• TASK BRIEF: Your output should be everything below from the line containing "А некоторые отметили, что" down to the line containing "大数跨境上线了新的小工具【平台违禁词检测】就可以完美的解决这个问题!", both ends included, copied exactly, with pictures left out.

• STUDY MATERIAL:
****************************************
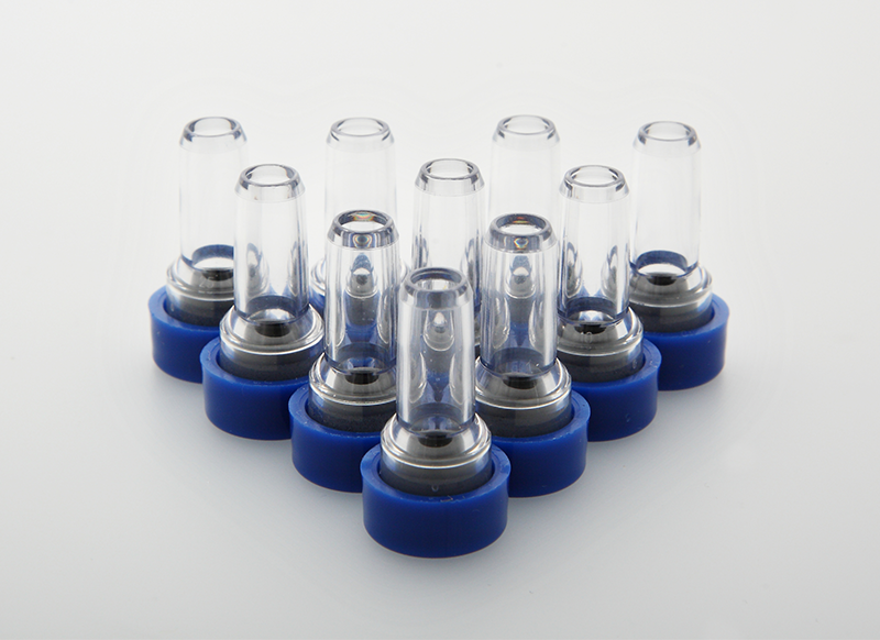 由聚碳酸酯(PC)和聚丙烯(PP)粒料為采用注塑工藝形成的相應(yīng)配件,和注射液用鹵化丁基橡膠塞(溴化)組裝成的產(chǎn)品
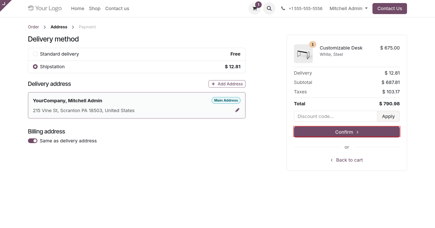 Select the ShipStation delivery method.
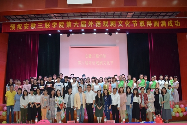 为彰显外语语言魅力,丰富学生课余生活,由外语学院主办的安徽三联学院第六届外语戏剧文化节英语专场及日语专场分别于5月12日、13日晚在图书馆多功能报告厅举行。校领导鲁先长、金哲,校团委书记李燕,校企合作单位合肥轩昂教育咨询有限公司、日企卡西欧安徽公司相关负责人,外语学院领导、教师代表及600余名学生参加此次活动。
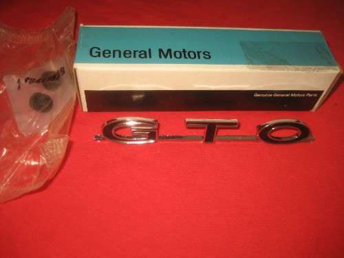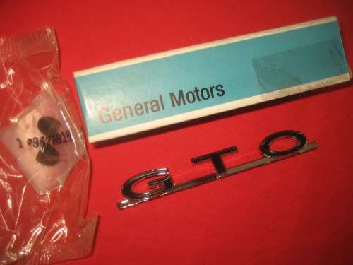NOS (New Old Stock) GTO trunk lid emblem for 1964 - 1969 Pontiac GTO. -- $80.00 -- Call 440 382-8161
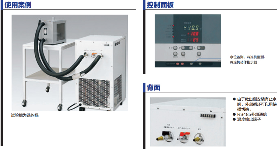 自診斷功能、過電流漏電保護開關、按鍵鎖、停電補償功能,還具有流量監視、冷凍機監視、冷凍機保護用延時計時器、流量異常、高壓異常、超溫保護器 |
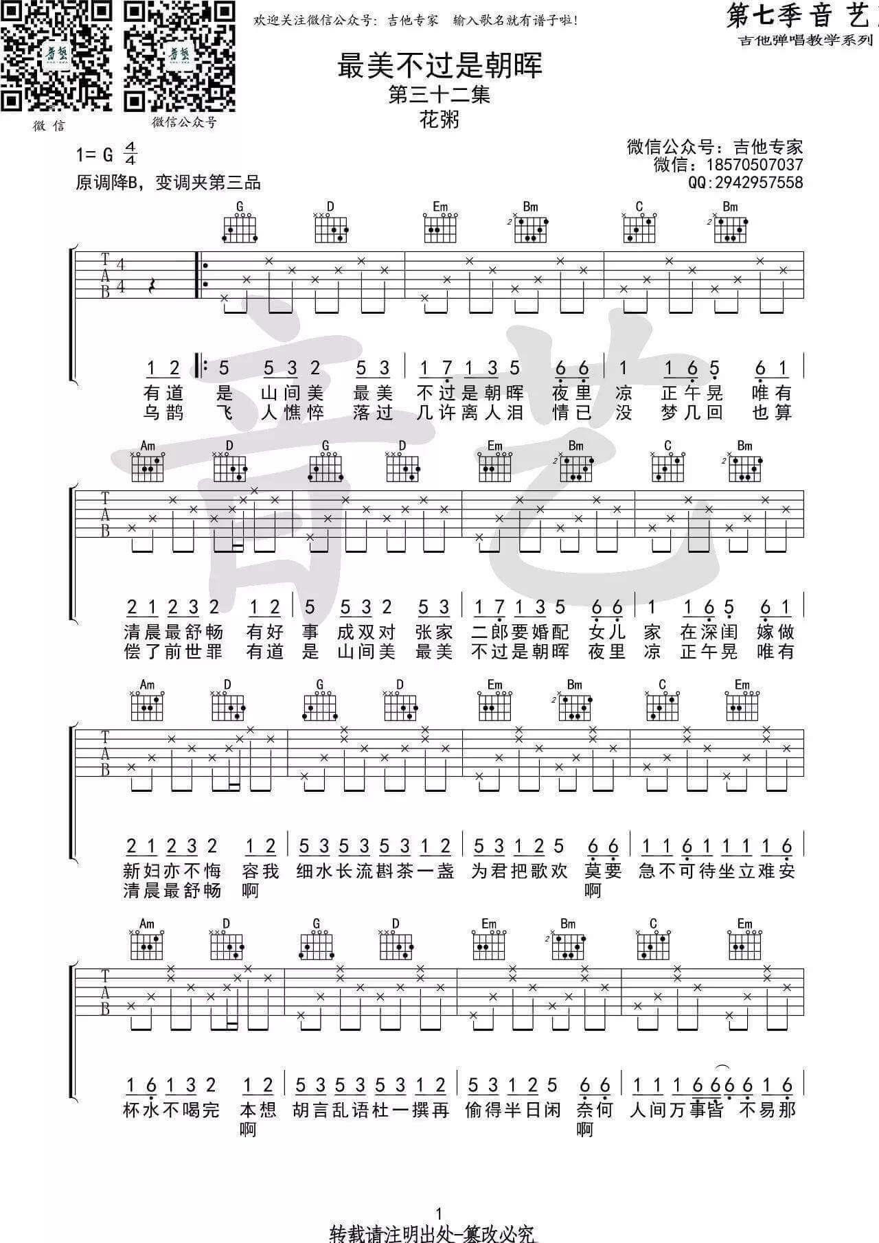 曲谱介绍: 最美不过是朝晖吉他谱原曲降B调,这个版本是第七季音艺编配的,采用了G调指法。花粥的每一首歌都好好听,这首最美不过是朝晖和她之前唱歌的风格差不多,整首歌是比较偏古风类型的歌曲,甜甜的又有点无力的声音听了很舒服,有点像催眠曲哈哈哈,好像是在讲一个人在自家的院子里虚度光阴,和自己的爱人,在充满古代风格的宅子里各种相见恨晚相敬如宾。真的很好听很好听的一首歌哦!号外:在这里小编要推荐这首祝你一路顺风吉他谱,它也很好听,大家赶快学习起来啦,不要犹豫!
****************************************
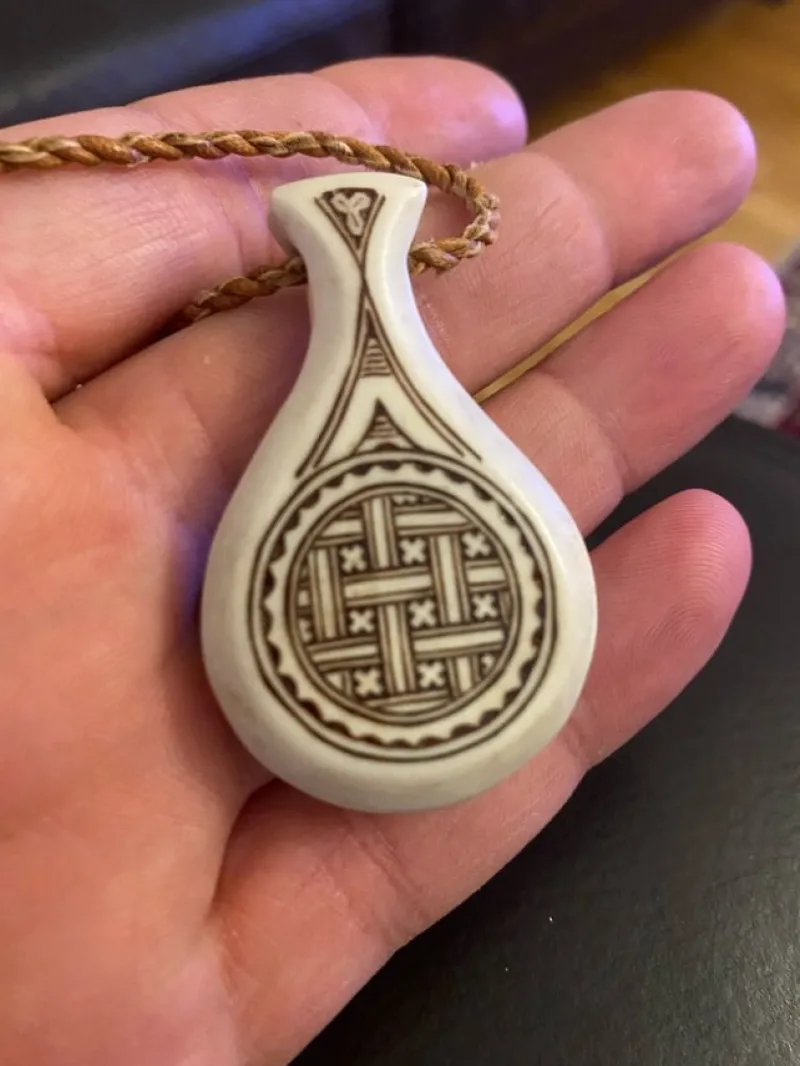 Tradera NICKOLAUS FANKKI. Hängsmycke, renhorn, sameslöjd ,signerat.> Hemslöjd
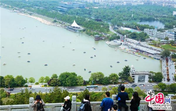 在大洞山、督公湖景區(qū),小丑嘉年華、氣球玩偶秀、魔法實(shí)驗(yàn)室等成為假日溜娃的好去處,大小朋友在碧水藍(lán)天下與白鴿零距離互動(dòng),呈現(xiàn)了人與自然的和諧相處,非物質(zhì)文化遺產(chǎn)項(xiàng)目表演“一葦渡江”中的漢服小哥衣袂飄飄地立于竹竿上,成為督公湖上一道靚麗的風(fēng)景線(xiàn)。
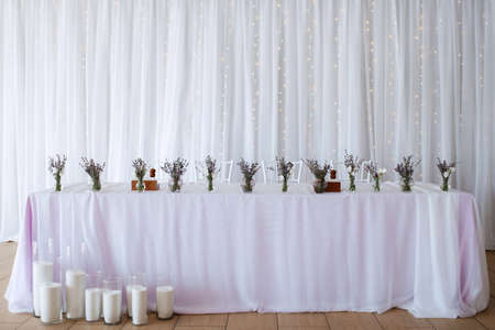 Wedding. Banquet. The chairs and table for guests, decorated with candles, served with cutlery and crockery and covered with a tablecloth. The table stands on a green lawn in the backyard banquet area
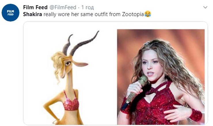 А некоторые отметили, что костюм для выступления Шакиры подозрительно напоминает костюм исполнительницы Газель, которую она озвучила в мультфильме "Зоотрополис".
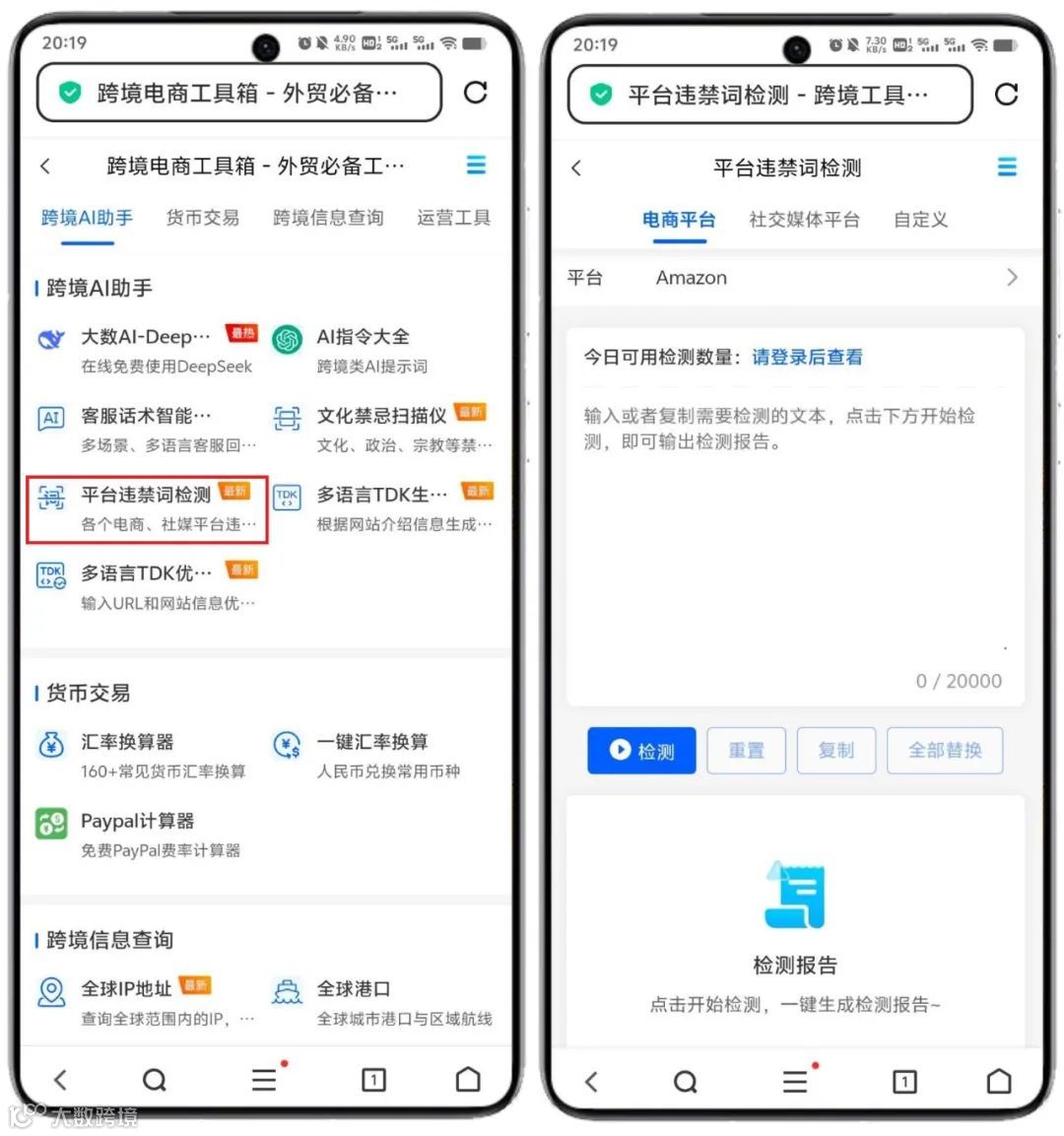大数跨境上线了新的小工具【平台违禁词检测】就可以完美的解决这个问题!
****************************************
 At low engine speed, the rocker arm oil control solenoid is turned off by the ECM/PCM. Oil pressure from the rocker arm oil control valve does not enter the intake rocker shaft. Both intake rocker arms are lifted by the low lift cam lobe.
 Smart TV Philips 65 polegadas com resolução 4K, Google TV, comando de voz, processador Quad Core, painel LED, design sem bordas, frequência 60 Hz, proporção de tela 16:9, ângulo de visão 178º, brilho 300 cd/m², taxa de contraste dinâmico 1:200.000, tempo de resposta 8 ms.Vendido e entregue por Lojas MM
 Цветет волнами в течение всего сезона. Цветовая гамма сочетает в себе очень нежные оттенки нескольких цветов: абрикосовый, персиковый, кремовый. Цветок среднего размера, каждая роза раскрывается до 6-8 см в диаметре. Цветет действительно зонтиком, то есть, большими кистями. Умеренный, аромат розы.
****************************************
• REPLY TO THE TASK:
 А некоторые отметили, что костюм для выступления Шакиры подозрительно напоминает костюм исполнительницы Газель, которую она озвучила в мультфильме "Зоотрополис".
大数跨境上线了新的小工具【平台违禁词检测】就可以完美的解决这个问题!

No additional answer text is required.